DATA FOR THE TASK:

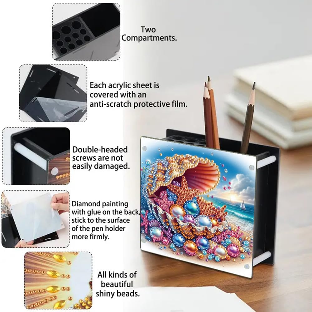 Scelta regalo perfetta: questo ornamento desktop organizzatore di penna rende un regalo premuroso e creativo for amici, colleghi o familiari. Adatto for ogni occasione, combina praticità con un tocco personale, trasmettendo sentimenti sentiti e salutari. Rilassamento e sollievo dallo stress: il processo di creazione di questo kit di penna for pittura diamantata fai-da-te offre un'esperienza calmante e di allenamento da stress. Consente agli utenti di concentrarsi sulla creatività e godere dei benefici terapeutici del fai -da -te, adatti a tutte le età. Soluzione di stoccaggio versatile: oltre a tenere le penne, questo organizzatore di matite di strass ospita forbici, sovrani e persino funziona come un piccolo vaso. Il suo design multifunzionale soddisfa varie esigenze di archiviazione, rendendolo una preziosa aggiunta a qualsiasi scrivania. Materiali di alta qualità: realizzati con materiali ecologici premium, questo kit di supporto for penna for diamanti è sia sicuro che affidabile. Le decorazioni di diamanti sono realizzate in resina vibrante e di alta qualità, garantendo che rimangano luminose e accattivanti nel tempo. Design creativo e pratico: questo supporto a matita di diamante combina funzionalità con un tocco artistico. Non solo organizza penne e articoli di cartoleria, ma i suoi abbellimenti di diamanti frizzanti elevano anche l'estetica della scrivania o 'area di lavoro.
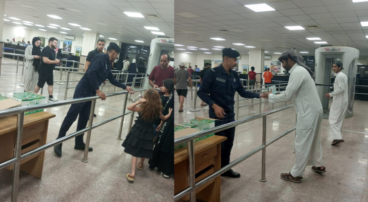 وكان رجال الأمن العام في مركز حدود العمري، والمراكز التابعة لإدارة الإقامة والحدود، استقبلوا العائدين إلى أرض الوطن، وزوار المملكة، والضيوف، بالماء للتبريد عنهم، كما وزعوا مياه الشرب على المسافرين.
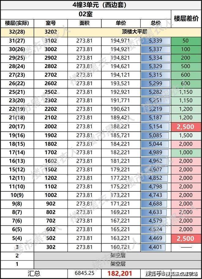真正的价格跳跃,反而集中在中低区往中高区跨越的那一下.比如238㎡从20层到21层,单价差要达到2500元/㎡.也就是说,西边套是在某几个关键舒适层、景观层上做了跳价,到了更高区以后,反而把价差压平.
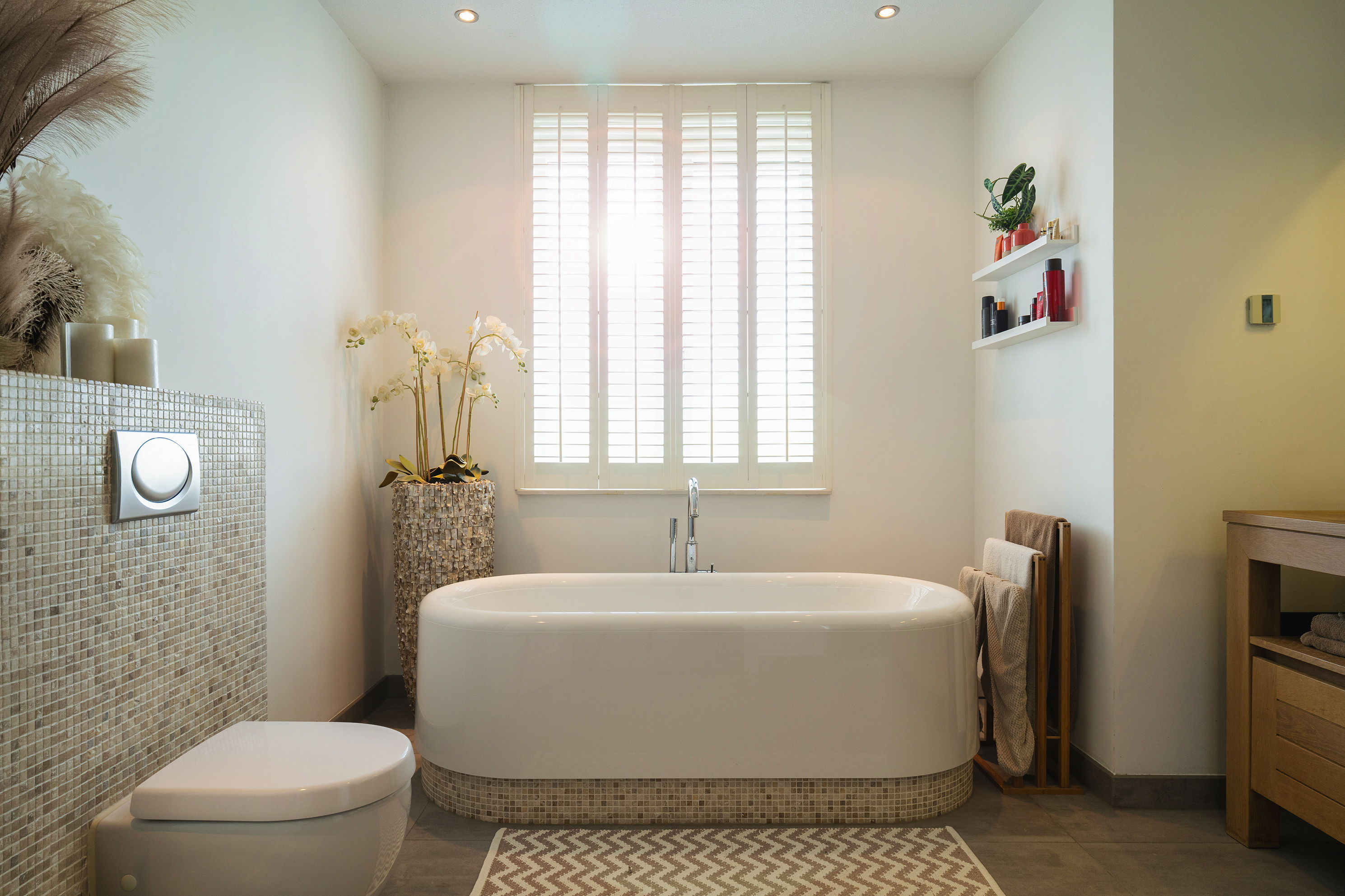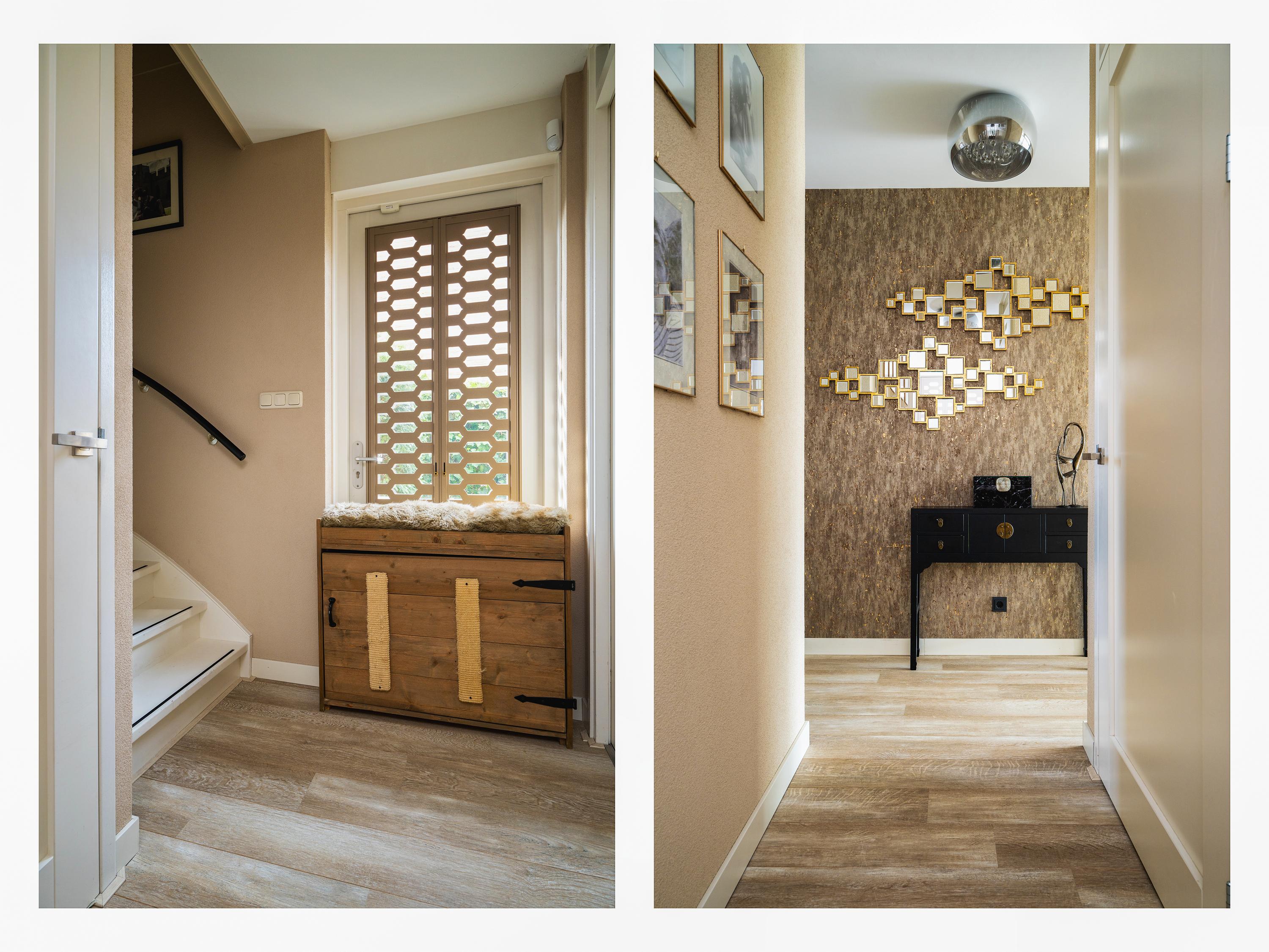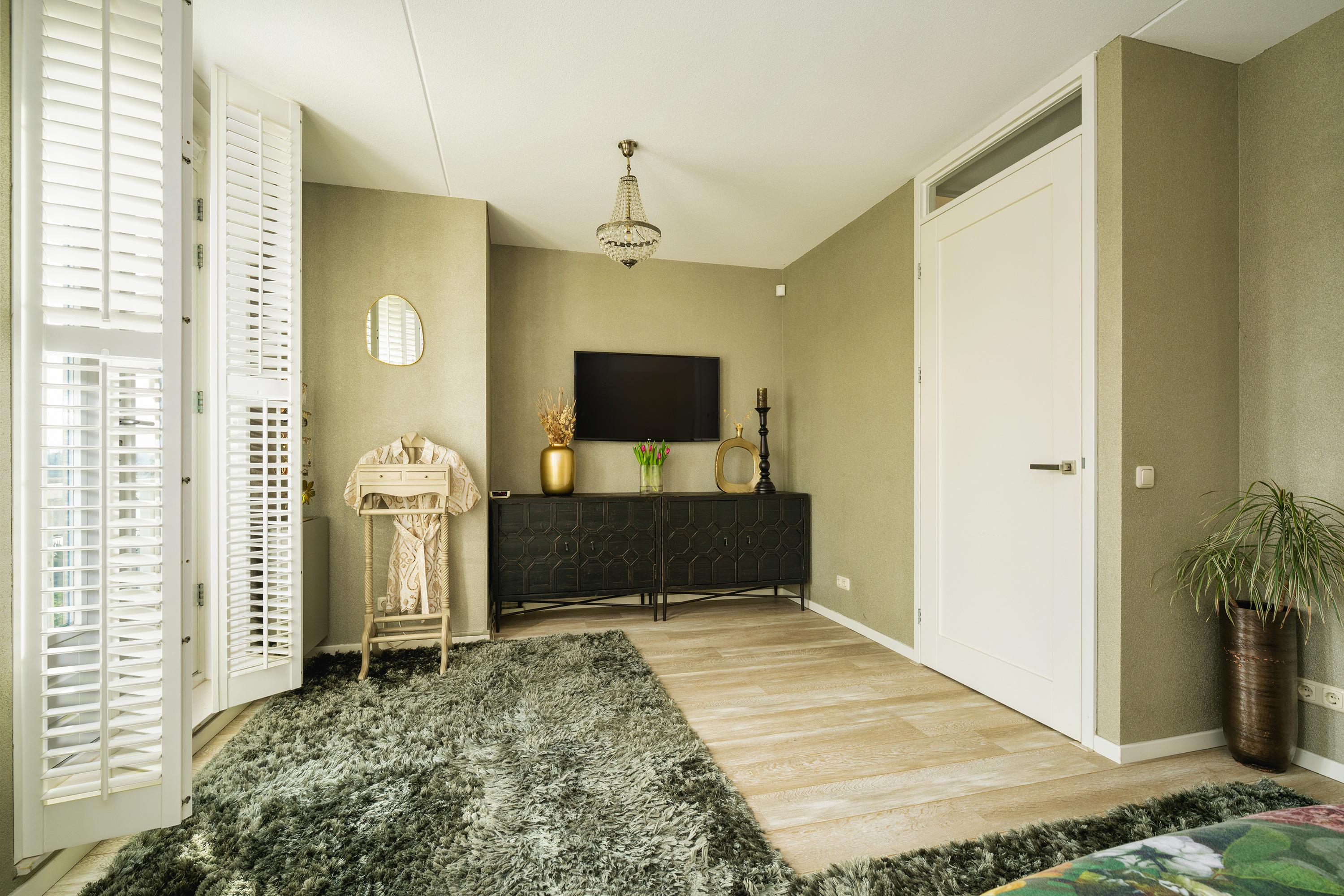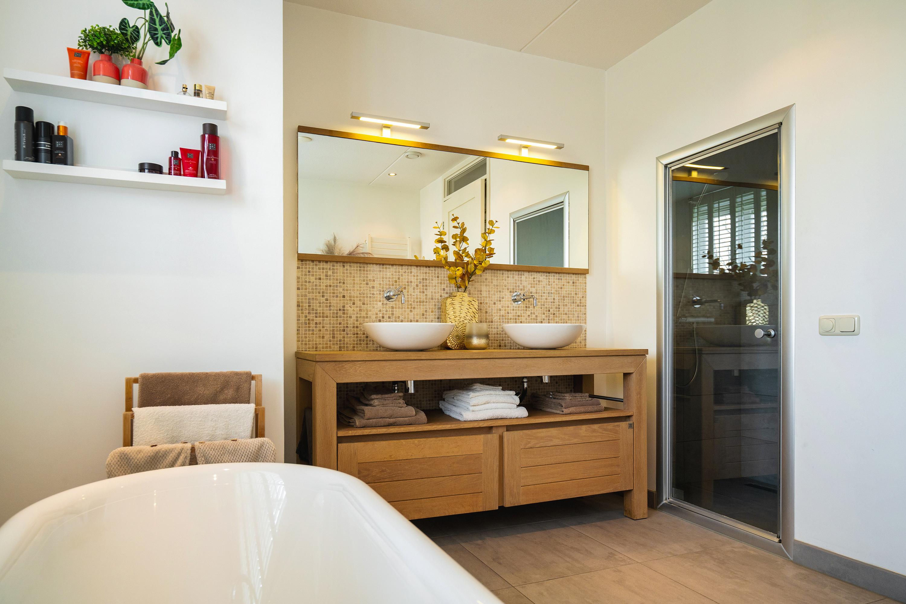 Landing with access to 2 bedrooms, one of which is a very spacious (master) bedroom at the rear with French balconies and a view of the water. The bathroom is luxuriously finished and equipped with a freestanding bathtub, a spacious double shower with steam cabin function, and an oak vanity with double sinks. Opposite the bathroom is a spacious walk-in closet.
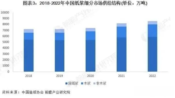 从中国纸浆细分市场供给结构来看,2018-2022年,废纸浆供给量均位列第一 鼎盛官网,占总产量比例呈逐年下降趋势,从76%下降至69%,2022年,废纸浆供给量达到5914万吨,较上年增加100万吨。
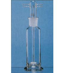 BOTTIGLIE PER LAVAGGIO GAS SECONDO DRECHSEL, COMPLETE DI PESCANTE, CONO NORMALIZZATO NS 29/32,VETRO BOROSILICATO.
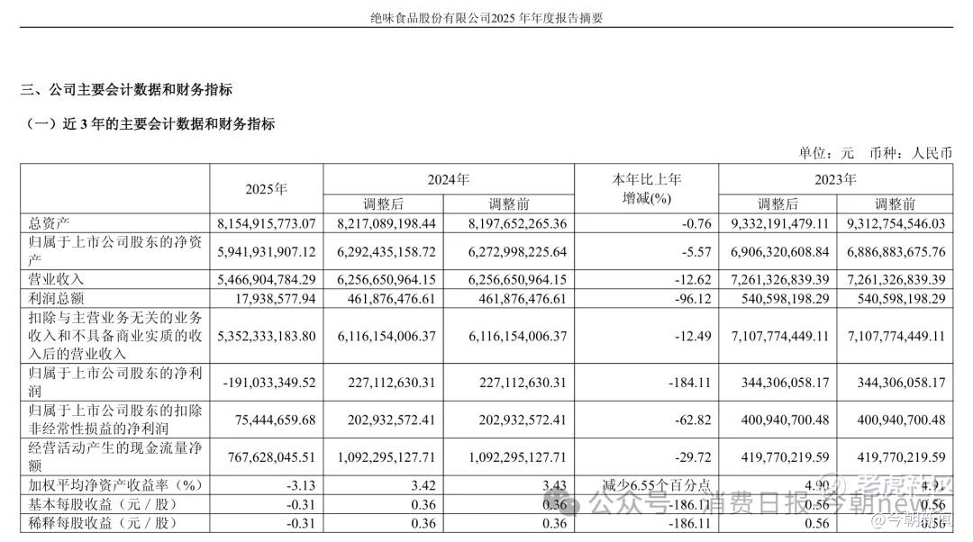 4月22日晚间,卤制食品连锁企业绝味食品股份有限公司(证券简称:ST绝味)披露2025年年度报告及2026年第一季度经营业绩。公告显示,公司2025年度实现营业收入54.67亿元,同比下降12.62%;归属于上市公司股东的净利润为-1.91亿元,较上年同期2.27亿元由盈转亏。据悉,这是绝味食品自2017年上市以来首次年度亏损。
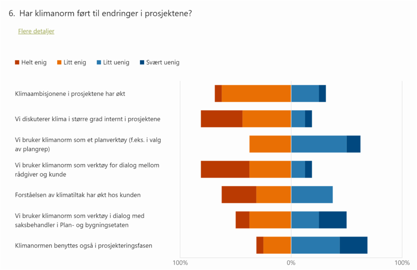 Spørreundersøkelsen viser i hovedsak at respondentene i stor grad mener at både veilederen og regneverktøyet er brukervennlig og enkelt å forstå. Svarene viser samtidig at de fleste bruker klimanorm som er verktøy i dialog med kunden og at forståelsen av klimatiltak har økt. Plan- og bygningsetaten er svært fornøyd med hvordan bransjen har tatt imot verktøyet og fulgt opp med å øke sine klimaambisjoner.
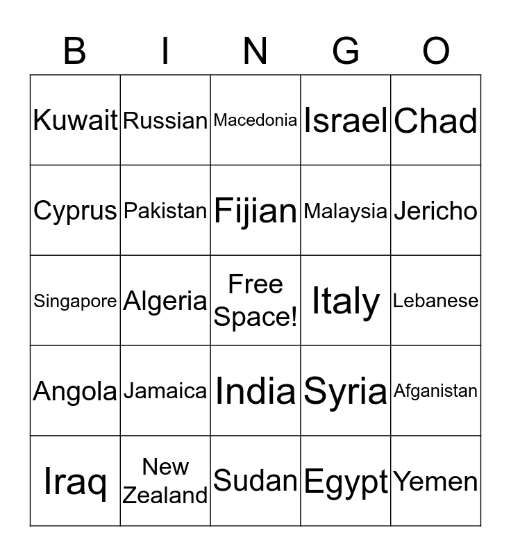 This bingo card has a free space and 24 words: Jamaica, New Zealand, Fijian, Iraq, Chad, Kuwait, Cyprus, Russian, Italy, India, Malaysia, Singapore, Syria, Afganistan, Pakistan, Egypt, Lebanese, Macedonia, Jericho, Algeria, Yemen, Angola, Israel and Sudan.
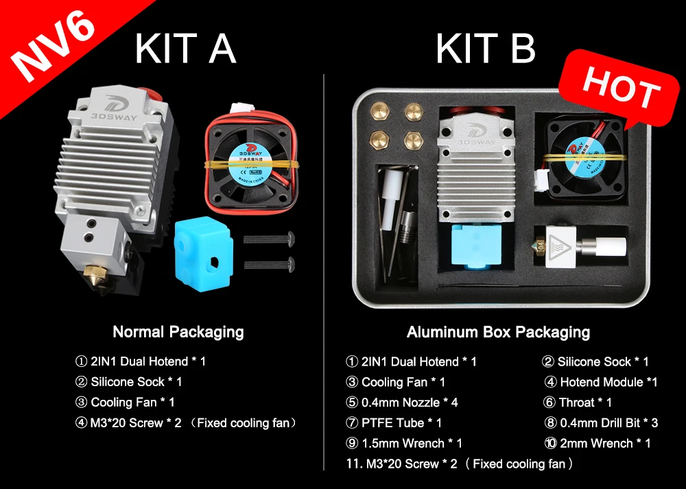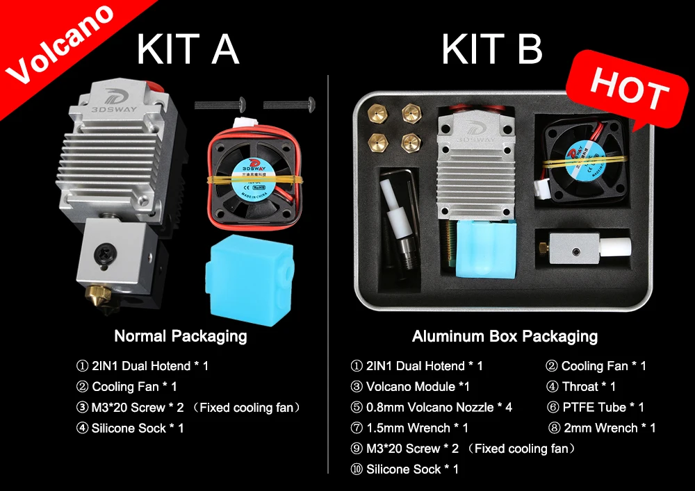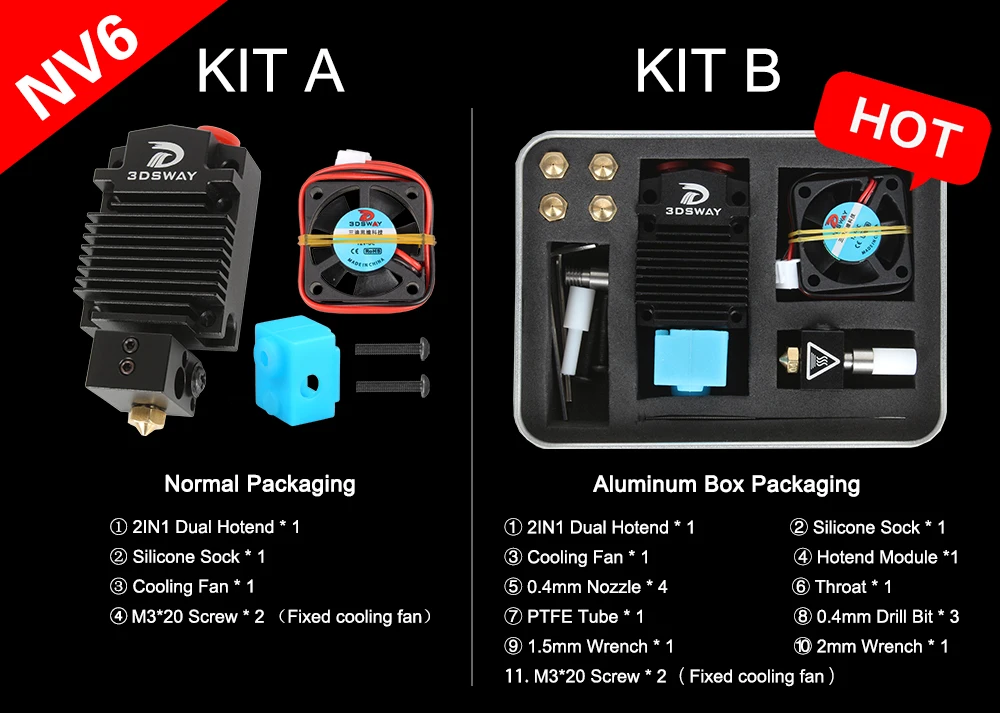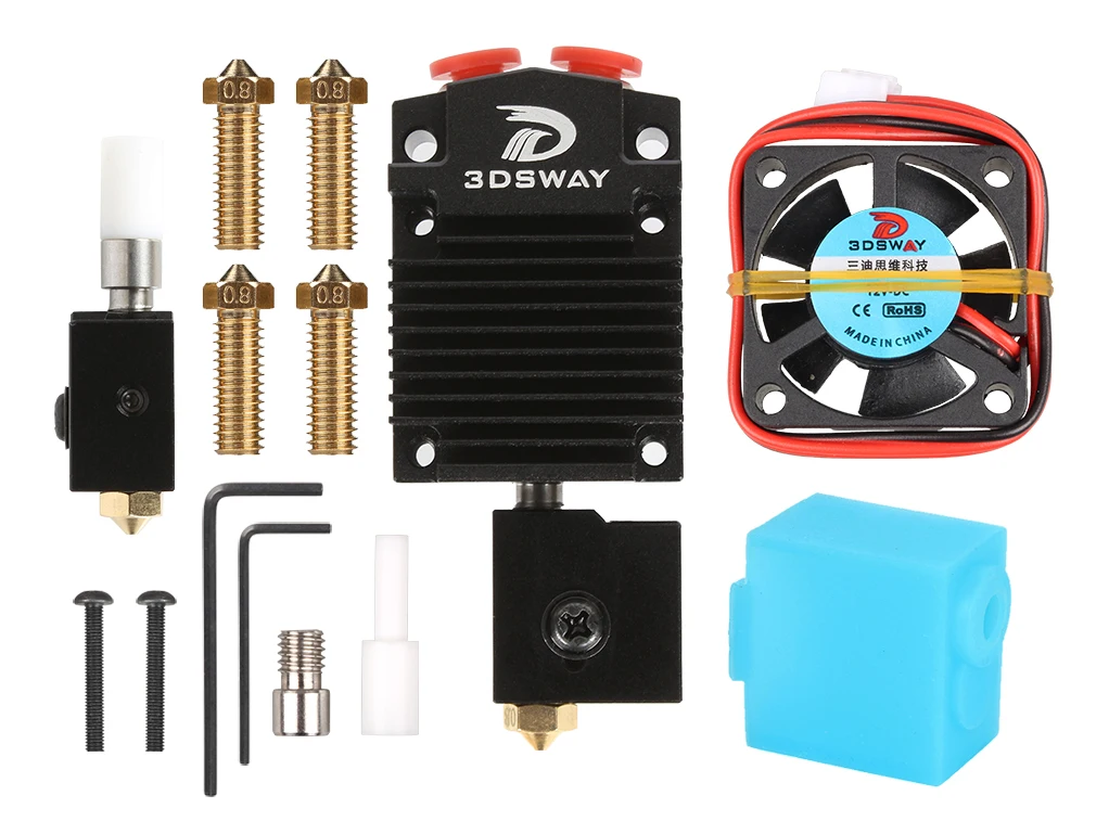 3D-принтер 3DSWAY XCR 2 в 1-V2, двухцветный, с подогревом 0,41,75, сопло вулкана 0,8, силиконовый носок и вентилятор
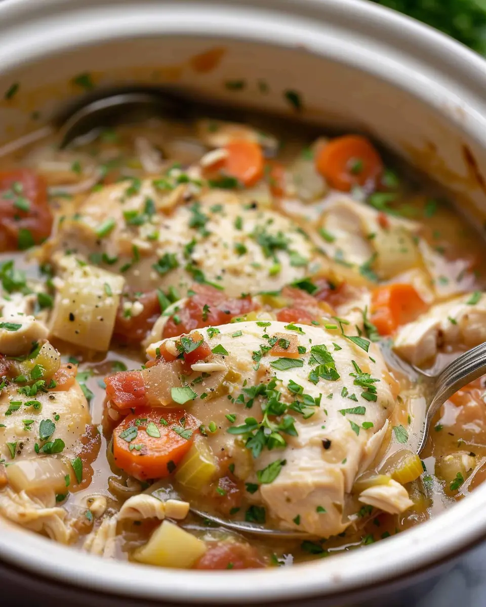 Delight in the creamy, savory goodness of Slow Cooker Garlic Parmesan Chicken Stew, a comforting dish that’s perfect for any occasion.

INSTRUCTIONS FOR THE TASK:
Starting with the line that has "4月22日晚间,卤制食品连锁" and ending with the last line of the records, retype every line exactly and only those lines. Do not include the pictures.

REPLY:
 4月22日晚间,卤制食品连锁企业绝味食品股份有限公司(证券简称:ST绝味)披露2025年年度报告及2026年第一季度经营业绩。公告显示,公司2025年度实现营业收入54.67亿元,同比下降12.62%;归属于上市公司股东的净利润为-1.91亿元,较上年同期2.27亿元由盈转亏。据悉,这是绝味食品自2017年上市以来首次年度亏损。
 Spørreundersøkelsen viser i hovedsak at respondentene i stor grad mener at både veilederen og regneverktøyet er brukervennlig og enkelt å forstå. Svarene viser samtidig at de fleste bruker klimanorm som er verktøy i dialog med kunden og at forståelsen av klimatiltak har økt. Plan- og bygningsetaten er svært fornøyd med hvordan bransjen har tatt imot verktøyet og fulgt opp med å øke sine klimaambisjoner.
 This bingo card has a free space and 24 words: Jamaica, New Zealand, Fijian, Iraq, Chad, Kuwait, Cyprus, Russian, Italy, India, Malaysia, Singapore, Syria, Afganistan, Pakistan, Egypt, Lebanese, Macedonia, Jericho, Algeria, Yemen, Angola, Israel and Sudan.
 3D-принтер 3DSWAY XCR 2 в 1-V2, двухцветный, с подогревом 0,41,75, сопло вулкана 0,8, силиконовый носок и вентилятор
 Delight in the creamy, savory goodness of Slow Cooker Garlic Parmesan Chicken Stew, a comforting dish that’s perfect for any occasion.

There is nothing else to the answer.